Search code examples
pythonpython-polars

Polars - use is_in() with durations


I have a dataframe with a column containing a set of durations, like 5m, 15m, etc...

df = pl.DataFrame({
    "duration_m": [5, 15, 30]
})
df = df.with_columns(
    duration = pl.duration( minutes = pl.col("duration_m"))
)
df

shape: (3, 2)
┌────────────┬──────────────┐
│ duration_m ┆ duration     │
│ ---        ┆ ---          │
│ i64        ┆ duration[ns] │
╞════════════╪══════════════╡
│ 5          ┆ 5m           │
│ 15         ┆ 15m          │
│ 30         ┆ 30m          │
└────────────┴──────────────┘

I want to filter this dataframe to return only rows that are 5m or 15m using is_in(). However, when I do this:

my_durations = [pl.duration(minutes=5), pl.duration(minutes=15)]
df.filter(pl.col("duration").is_in(my_durations))

I get:

InvalidOperationError: 'is_in' cannot check for Object("object", Some(object-registry)) values in Duration(Microseconds) data

This has no error (but is obviously not what I want to do):

df.filter(pl.col("duration").is_in(pl.duration(minutes=5)))

Thanks


Solution

  • I'm not sure why, even though pl.duration is an Expr and .is_in accepts expressions that it errors out.

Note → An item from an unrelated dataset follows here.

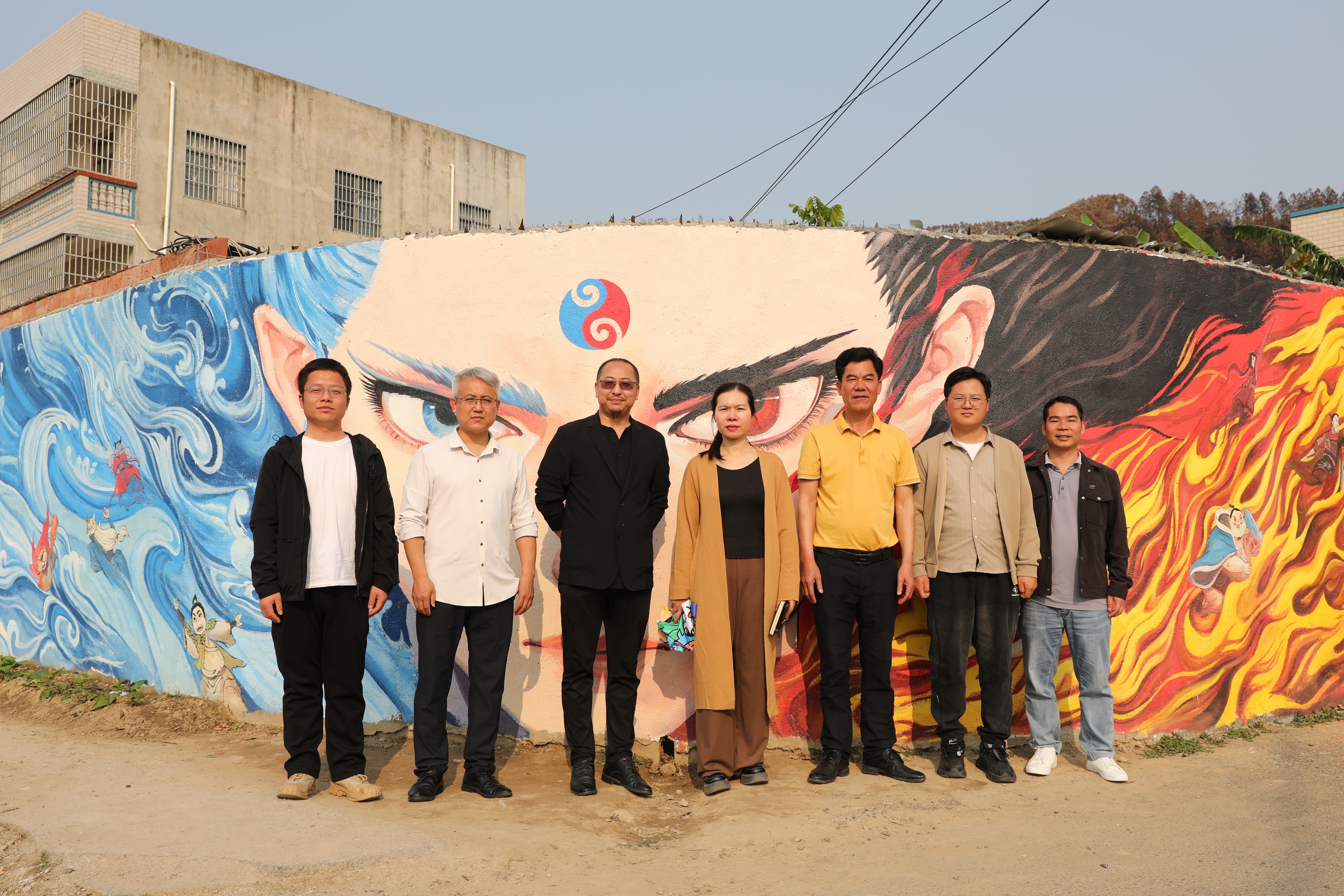 井山村小洱海墙绘师生合影

My best guess is that it sees a python list first so it assumes away getting an expression. From there it doesn't get a python type that it knows what to do with and just sees an object.

    Causes aside, you have two ways to get around this.

    The first: If you wrap your list in a pl.concat_list then you still have an expression instead of a python list but that won't be enough because it doesn't broadcast that to the whole df so you'll get an error about size mismatch which you can also fix by wrapping that in pl.repeat like this:

    df.filter(pl.col('duration')
              .is_in(pl.repeat(pl.concat_list(my_durations), pl.count()))
              )
    shape: (2, 2)
    ┌────────────┬──────────────┐
    │ duration_m ┆ duration     │
    │ ---        ┆ ---          │
    │ i64        ┆ duration[ns] │
    ╞════════════╪══════════════╡
    │ 5          ┆ 5m           │
    │ 15         ┆ 15m          │
    └────────────┴──────────────┘
    

    That's awfully clunky, better to just use the second method.

    The second: Just use timedelta instead of duration when you're not setting it with the values in a df like this:

    from datetime import timedelta
    my_durations = [timedelta(minutes=5), timedelta(minutes=15)]
    df.filter(pl.col("duration").is_in(my_durations))
    

    As an aside...

    if you start with

    my_durations = [pl.duration(minutes=5), pl.duration(minutes=15)]
    

    then you can get the same timedelta list by doing:

    [pl.select(x).item() for x in my_durations]